The wake side calls `Scheduler::wake_ref(ref)` which transitions
HwState::Blocked → HwState::Ready and re-marks the slot's
`non_empty_runnable` mask. FIFO queues for each blocking object
(`cs_waiters[cs_ptr]` etc) live in `kernel-state.rs` style data.
Key property: parking + waking is deterministic per (host run, input),
because every cross-thread interaction goes through the Scheduler
which has no host-OS dependency.
## 5. rtl_enter_critical_section (exports.rs:2886-2946)
Re-read for Phase C+23 verification. Branches:
1. `owner == 0 || !owner_is_live` → claim uncontended.
2. `owner == current_tid` → recursive bump.
3. otherwise → push self onto `cs_waiters[cs_ptr]`, `park_current(BlockReason::CriticalSection(cs_ptr))`.
**No spin loop.** Goes straight to park. This is the deliberate
asymmetry vs canary's `cs->header.absolute*256` spin.
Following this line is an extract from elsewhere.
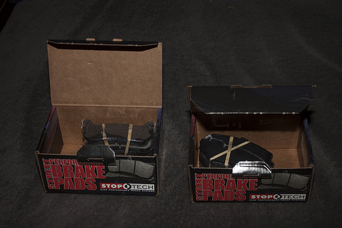 Next on to the list will be the pads and rotors. I went with stoptech high performance pads from reading good reviews from them and also the price for the front and rear was only 82 dollars. I'll also be getting blank rotors from Napa next week and i'll install the rotors and pads that same day.

Documented and
intentional — adding spin to ours would not help; the only way ours
"contends" is if a peer thread has the lock at the exact moment
ours's tid=1 reaches the call.
In the boot region around event 104,604, ours tid=1 is the only
runnable thread on slot 0 — no peer is even Ready to take the CS
first. So ours invariably fast-paths.
## 6. Contention manifest loader (contention_manifest.rs)
Phase D Stage 3 landed `crates/xenia-kernel/src/contention_manifest.rs`
(342 LOC) with `consume_at_peek(tid, peek_idx)` that translates ours's
per-tid idx back to canary's idx space (subtracts prior
`contention.observed` emits). `XENIA_CONTENTION_MANIFEST_PATH` env var
opts in. Per the Stage 3+4 result: replay-mode digest `1d7c6b45…`
stable × 3 cold runs, but main matched-prefix **still 104,607** — the
manifest's forced-contention entries fire at wrong logical positions
because the divergence is upstream of any contention event.
This is a critical input to C+23's recommendation: the Phase D
replay infrastructure is built and stable, but it does NOT unblock
the 104,607 cap. The actual cap-unblock came from the D-extension
diff-tool absorber (band-aid, Phase D 2026-05-18). The structural
fix never landed and has no clear next step.
## 7. Existing determinism guarantees
- Default-mode ours cold digest **`ba5b5e07…`** × 3 reproducible
(Stage 0 / Phase D baseline). Prior `e1dfcb15…` baseline is the
C+19 era constant; the Stage 0 emission tweak shifted it without
changing logic.
- Phase B `image_loaded_sha256 ea8d160e…` unchanged across all 23+
phases.
- All emitted Phase A events are stable on (input, cvars).
## 8. Mismatch surfaces with canary
| dimension | canary | ours |
|---|---|---|
| host threads | 1 per XThread | 1 total |
| inter-thread arbiter | host OS | Scheduler |
| RtlEnterCS spin | spin then wait | park immediately |
| Clock | wallclock (rdtsc) | fixed FILETIME `132_500_000_000_000_000` |
| Wait wakeup ordering | pthread_cond_broadcast race | FIFO `cs_waiters` |
| Yield primitive | host yield | `decrement_quantum` rotation |
Of these, the **clock** and the **wait wakeup ordering** are the
two surfaces beyond CS-contention where canary→ours divergence has
potential to surface. So far Sylpheed exercises them lightly: 2
KeQuerySystemTime calls, 34 wait.begin events total.
## 9. Existing scheduler cvars / lockstep modes
There is no `lockstep` cvar in ours. The closest mode is
`OrderMode::Fixed` (default), which produces a deterministic schedule
keyed entirely on the spawn/wake sequence. Replay via manifest is
opt-in via `XENIA_CONTENTION_MANIFEST_PATH`.
## 10. Implication: ours is the strict side
In any cross-engine deterministic-replay scheme, **ours has to bend
toward canary**, not the other way. Canary's host-OS scheduling
cannot be tamed without rewriting it (out of scope; would also
invalidate it as the oracle, since the "real" Xbox 360 wasn't
deterministic in this sense either). The Phase D plan's H'/H broad
landed Stages 1-4 of this bend — the engine infrastructure is built,
just not load-bearing for the 104,607 cap.